*Exercise goal*. Set each line of the material below down word for word, from the first through the line that holds "15 Schulsanitäter komplettieren", but not the pictures.

....

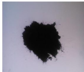
Gambar 2. Karbon Aktif B
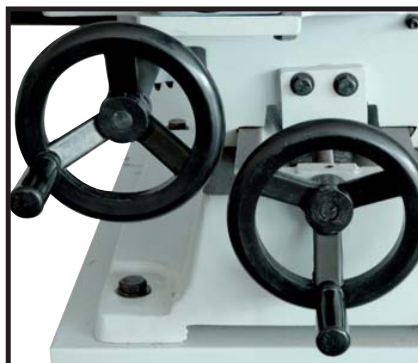
Double chariotage latéral et longitudinal sur queue d'aronde Horizontal and lateral movement on dovetail
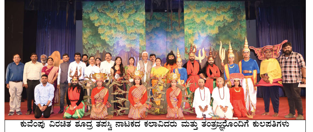
ಕುವೆಂಪು ವಿರಚಿತ ಶೂದ್ರ ತಪಸ್ವಿ ನಾಟಕದ ಕಲಾವಿದರು ಮತ್ತು ತಂತ್ರಜ್ಞರೊಂದಿಗೆ ಕುಲಪತಿಗಳು
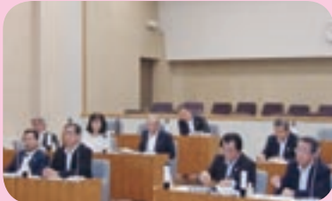
議場にて研修（芽室町）
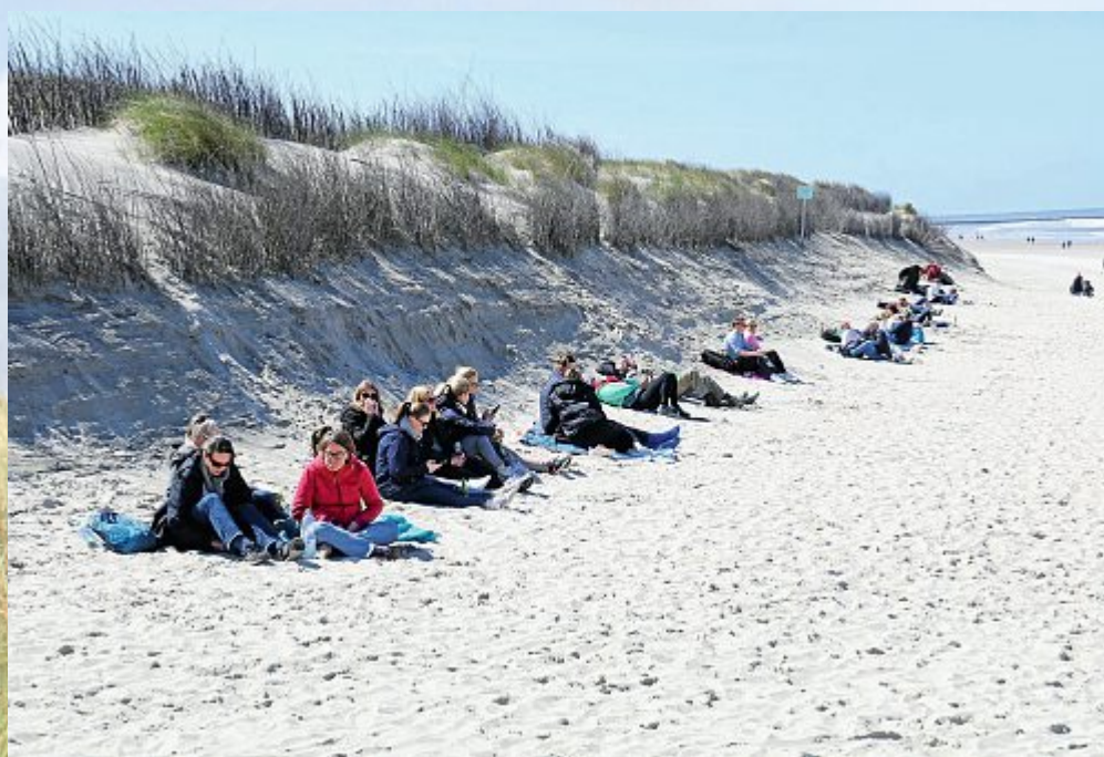
Noch braucht man die Jacken. Selbst im Windschatten der Dünen ist es noch kühl.
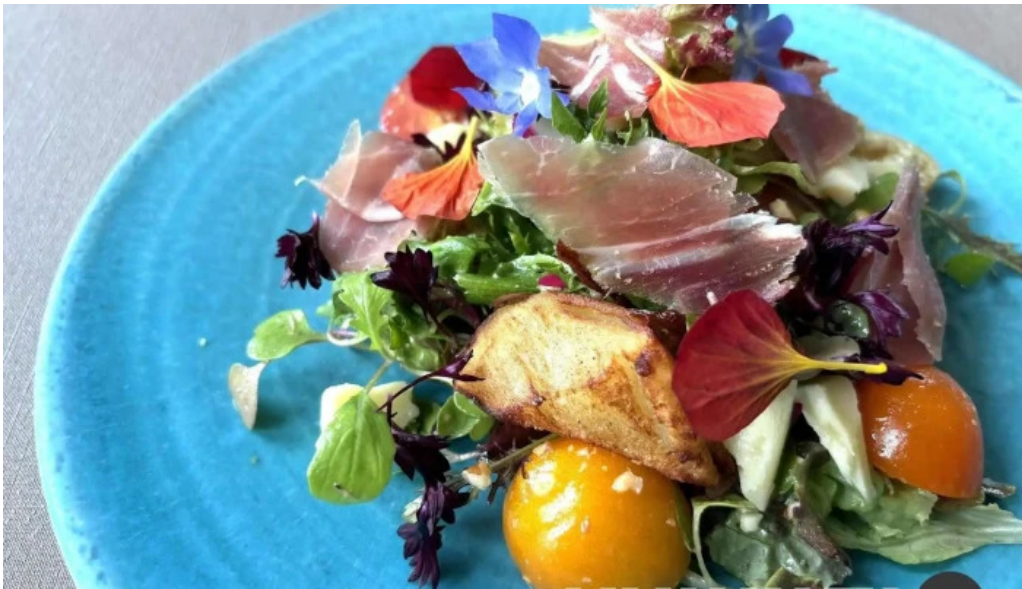
Jai la patate ジェラパタット 料理飲み物
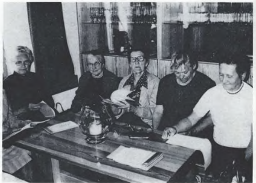
Wopytowarki „Popołdnja za starych wosadnych“ w Rakecach

Najzajimawše a česćehódne pak w Hrodzišću zawěšće nazhoniš, hdyž stejiš před něhdyšej šulu, w kotrejž matej swoje sydło Rada gmejny a nawodnistwo prodursta. Z nahladnym přitwarom su před lětami cyły objekt mócnje rozšěrili, jón zwonka a znutřka dospołnje wobnowili a cyľemu twarej dali porjadny wobmjek. Nowy zachod wjedže do domu – stary
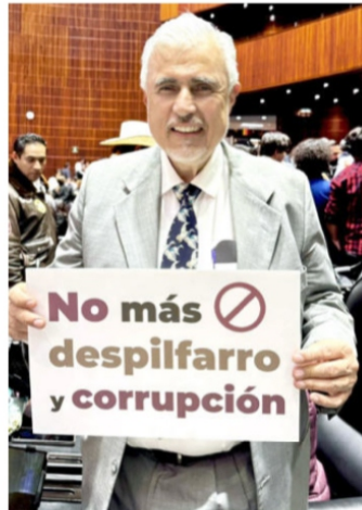
José Narro Céspedes
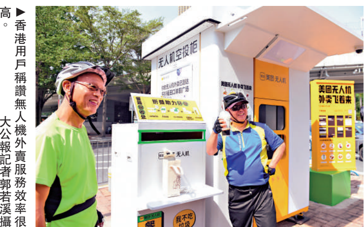
►香港用戶稱讚無人機外賣服務效率很高。

麻煩。有了無人機外賣，現在不再需要等待外賣員的步行配送，只需走到口岸旁邊指定的空投櫃取餐即可，不僅提高了效率，還節省了溝通時間。港人林先生表示，盼望香港能盡快有無人機外賣，他說，無人機配送的形式比較先進，希望香港也能慢慢普及，讓大家的更方便。
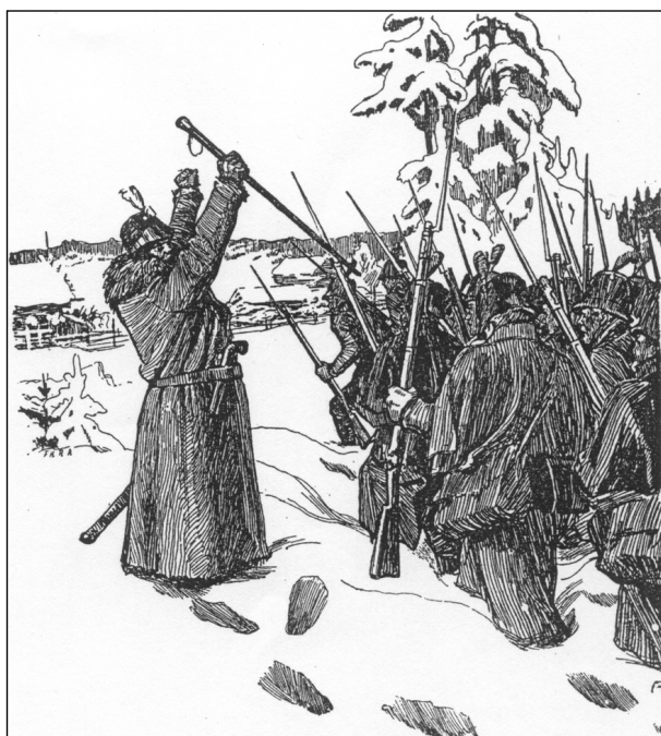
Illustration: Albert Edelfelt
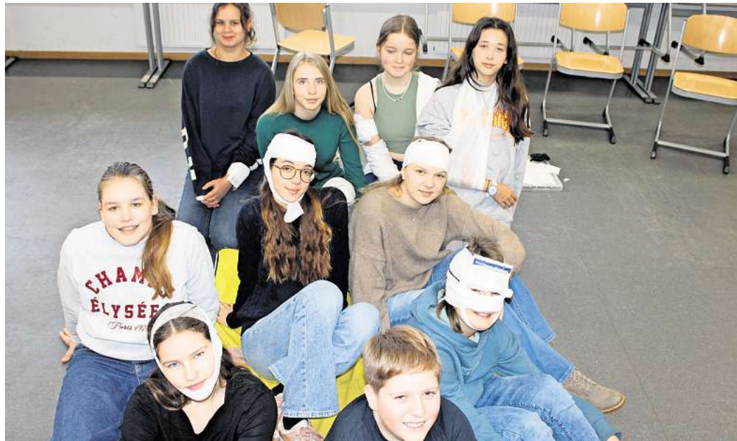
15 Schulsanitäter komplettieren jetzt das Team.

Das Ergebnis kann sich sehen lassen: 15 neue Schulsanitäter wurden vom Jugendrotkreuz ausgebildet und verstärken ab sofort das Team am GM. Mit dabei waren engagierte Schüler aus den Jahrgängen 7, 8, 9 und 10 – und das Interesse war so groß, dass es inzwischen sogar eine Warteliste für die nächsten Kurse gibt. Offenbar gilt am GM nicht nur „Wer Hilfe braucht, bekommt sie“, sondern auch: „Wer helfen will, steht Schlange.“ Die Schulsanitäts-AG ist am Gymnasium Mellendorf ein Ganztagsangebot, das von Klasse 5 bis 13 getragen wird. Aktuell sind sechs Schulsanitäter aktiv im Einsatz – und mit den frisch ausgebildeten Neuzugängen wächst die Gruppe nun kräftig weiter. Die Kursinhalte gingen dabei weit über einen klassischen Erste-Hilfe-Kurs hinaus. Denn Schulsanitäter sollen im Schulalltag schnell und sicher handeln können: ob bei
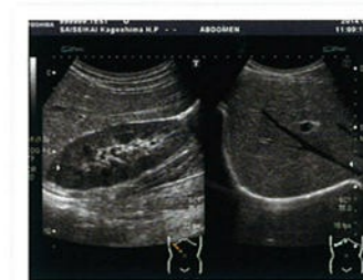
実際の画像(腎臓・肝臓)
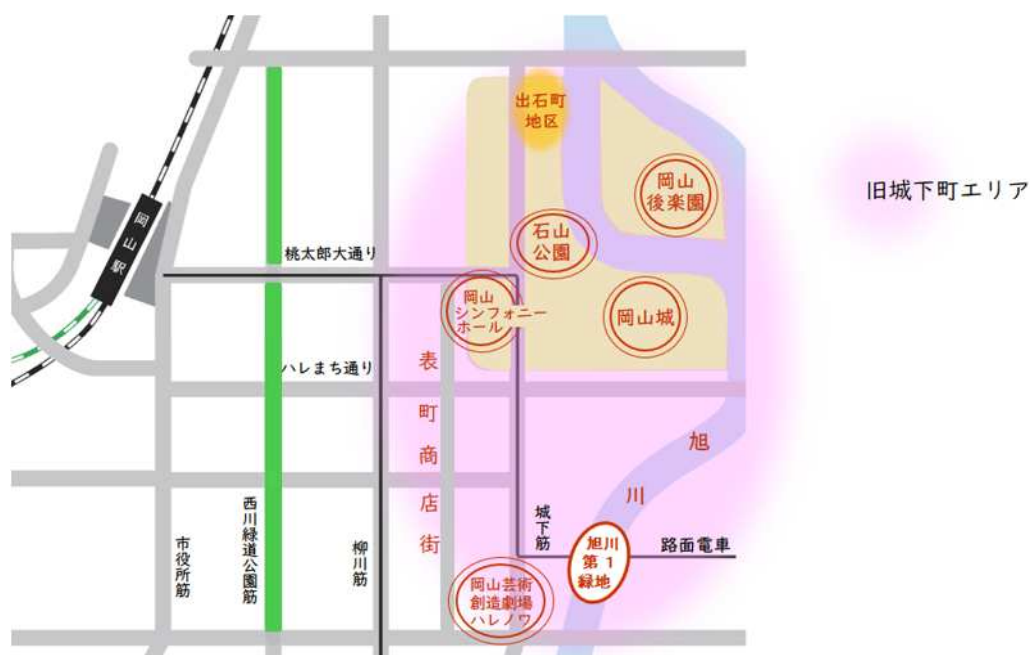
岡山市中心市街地イメージ図

これより、旭川かわまちづくりの取組の一環として、岡山城・岡山後楽園や岡山芸術創造劇場ハレノワが位置する旧城下町エリアのさらなる賑わい創出と回遊性の向上を図るため、中区西中島町の旭川第1緑地において、賑わい創出に取り組む社会実験（トライアル・サウンディング）の事業者を募集する。
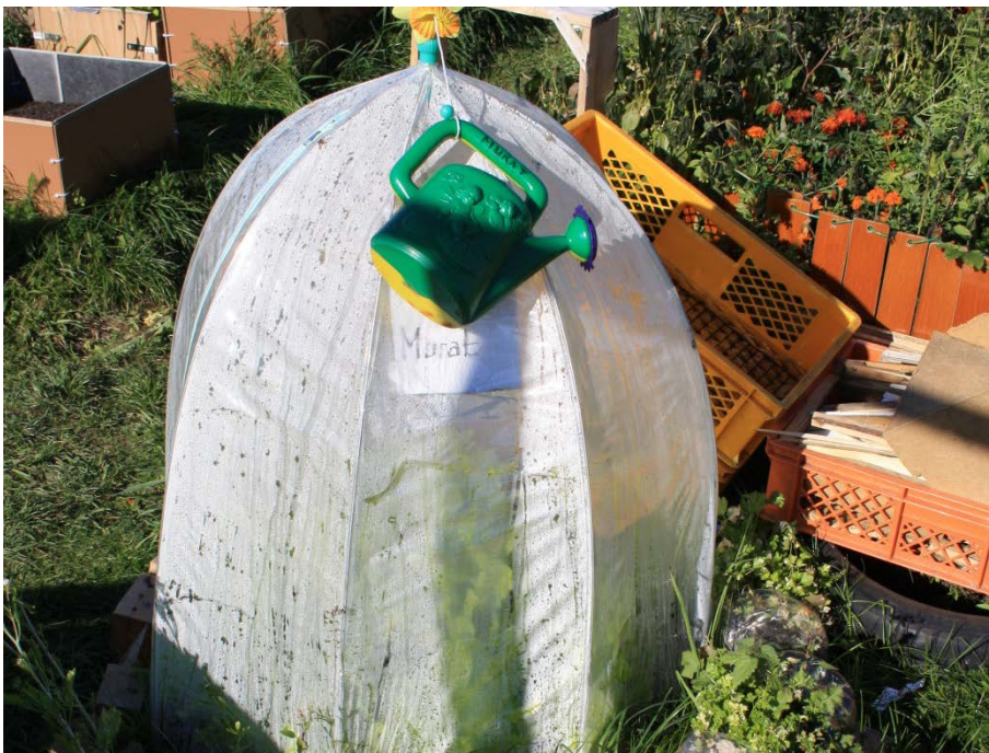
Abbildung 8

Ein Spielzeugzelt wird als Gewächshaus genutzt.
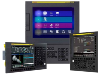
Control numérico Fanuc 0iMF plus

Centro de maquinado vertical, robusto, confiable, con gran precisión y un rendimiento excepcional
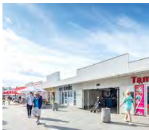
TARGOWISKO BAKALARSKA W WARSZAWIE
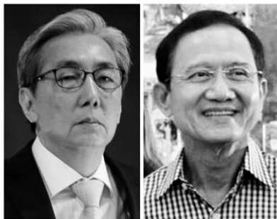
สมคิด จาตุศรีพิทักษ์ สมชาย วงศ์สวัสดิ์

● การก่อสร้างโครงสร้างพื้นฐานล่าช้ามานาน โดยเฉพาะโครงการรถไฟฟ้าทางคู่ โครงการรถไฟฟ้ากรุงเทพ และบริมณฑล สมคิด จาตุศรีพิทักษ์ รองนายกฯ แย้มว่า 'บิ๊กตู่' พร้อมงัดมาตรา 44 เพื่อเร่งรัดงานให้เร็วขึ้น
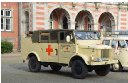
Borgward Baujahr 1957
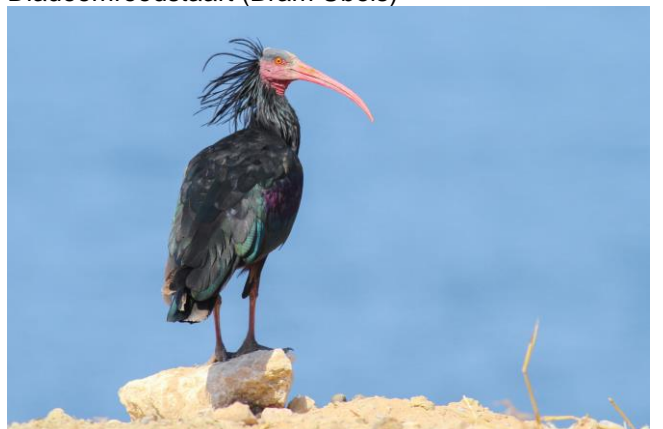
Heremietibis (Bram Ubels)
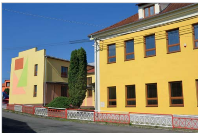
V posledních letech investovala obec do rekonstrukce některých budov

hým nejstarším spolkem je Sbor dobrovolných hasičů Pačejov, založený v roce 1907. Tento spolek je velice úspěšný v hasičském sportu mládeže a žen, jejichž družstva dosahují pravidelně významných úspěchů v rámci okresu Klatovy. Dalším spolkem je Sbor dobrovolných hasičů Velešice, který byl založen roku 1920. Jako jediný spolek ve Velešicích pořádá během roku celou řadu akcí jak pro mládež, své členy, tak i pro
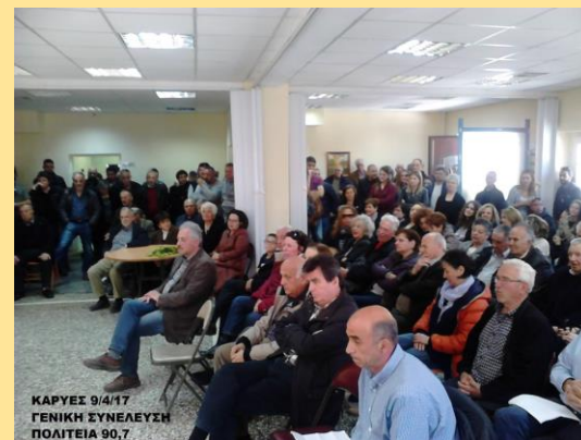
ΚΑΡΥΕΣ 9/4/17 ΓΕΝΙΚΗ ΣΥΝΕΛΕΥΣΗ ΠΟΛΙΤΕΙΑ 90,7
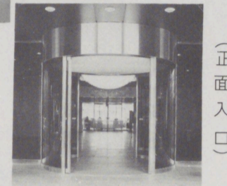
▲ 円型自動ドア (正面入口)
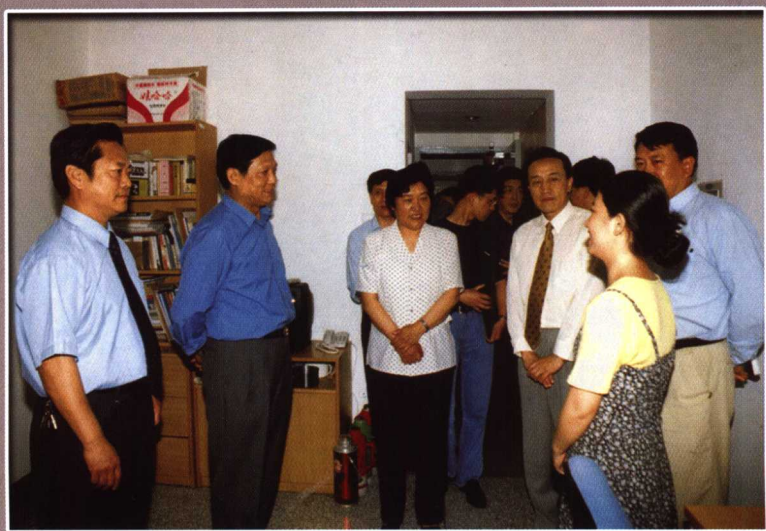
刘祺来校视察并看望学生（2000年）
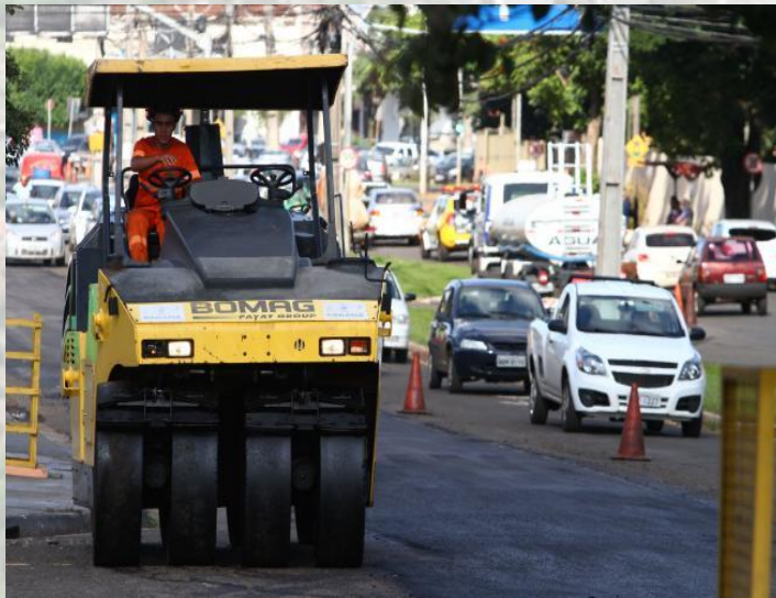
Recapeamento e sinalização na Av. Tiradentes
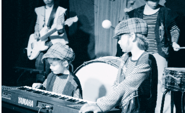
Momentaufnahme der Zirkuswoche auf dem Twannberg

Dieses Jahr wurde eine wiederholte Weihnachtsaktion durchgeführt dank dem grosszügigen Beitrag von CHF 16'700.– der Winterhilfe Schweiz. Berücksichtigt werden konnten die regionalen Winterhilfe-Stellen (siehe dazu auch Seite 15) Langnau, Köniz, Ostermundigen sowie die kantonale Winterhilfe. Die vielen freudigen Dankesbriefe der 49 beschenkten Familien sprechen für sich.
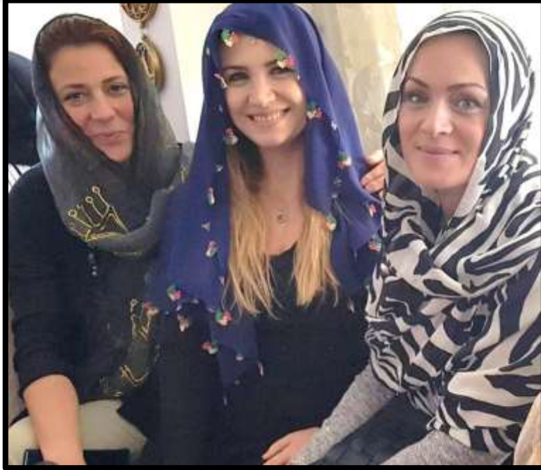
Mevlitlerde baş bağlama stillerinden bir görünüm.
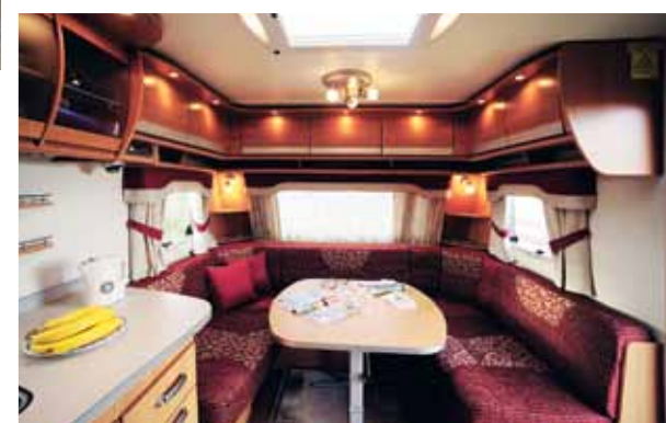
Cabby har en sittgrupp som också lockar till sig folk. Plats för både umgänge och soffliggare.

Polarna ryms i Polarvagnen. Sittgruppen som rymmer sex personer till middag som samtliga sitter bekvämt är berömlig. Att man sitter i modernt designade soffor gör det inte mindre komfortabelt. Bordet är klassiskt utformat med rundade hörn
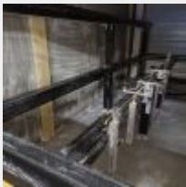
Lot n° 49 Fraiseuse CNC Tech KM System 4 axes, 2021 Financée 63 492€ (facture sur demande à l'étude) Mise à prix : 8000€ Vendue par la SVV ADJUGE, à la requête d'un établissement financier, Frais de vente 24% TTC
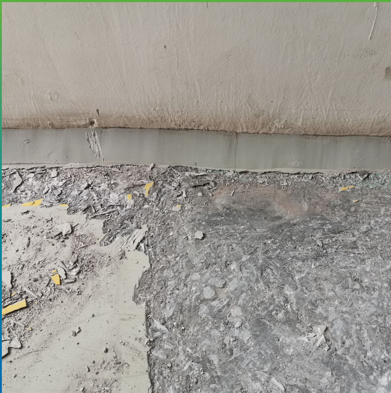
Демонтаж старого покрытия
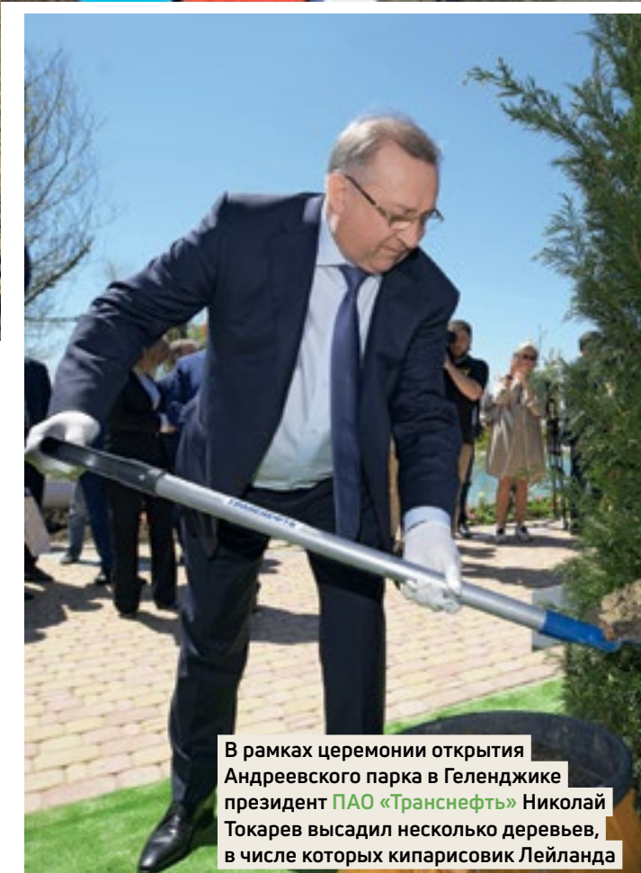
В рамках церемонии открытия Андреевского парка в Геленджике президент ПАО «Транснефть» Николай Токарев высадил несколько деревьев, в числе которых кипарисовик Лейланда

....

*Response box*.
Gambar 2. Karbon Aktif B
Double chariotage latéral et longitudinal sur queue d'aronde Horizontal and lateral movement on dovetail
ಕುವೆಂಪು ವಿರಚಿತ ಶೂದ್ರ ತಪಸ್ವಿ ನಾಟಕದ ಕಲಾವಿದರು ಮತ್ತು ತಂತ್ರಜ್ಞರೊಂದಿಗೆ ಕುಲಪತಿಗಳು
議場にて研修（芽室町）
Noch braucht man die Jacken. Selbst im Windschatten der Dünen ist es noch kühl.
Jai la patate ジェラパタット 料理飲み物
Wopytowarki „Popołdnja za starych wosadnych“ w Rakecach

Najzajimawše a česćehódne pak w Hrodzišću zawěšće nazhoniš, hdyž stejiš před něhdyšej šulu, w kotrejž matej swoje sydło Rada gmejny a nawodnistwo prodursta. Z nahladnym přitwarom su před lětami cyły objekt mócnje rozšěrili, jón zwonka a znutřka dospołnje wobnowili a cyľemu twarej dali porjadny wobmjek. Nowy zachod wjedže do domu – stary
José Narro Céspedes
►香港用戶稱讚無人機外賣服務效率很高。

麻煩。有了無人機外賣，現在不再需要等待外賣員的步行配送，只需走到口岸旁邊指定的空投櫃取餐即可，不僅提高了效率，還節省了溝通時間。港人林先生表示，盼望香港能盡快有無人機外賣，他說，無人機配送的形式比較先進，希望香港也能慢慢普及，讓大家的更方便。
Illustration: Albert Edelfelt
15 Schulsanitäter komplettieren jetzt das Team.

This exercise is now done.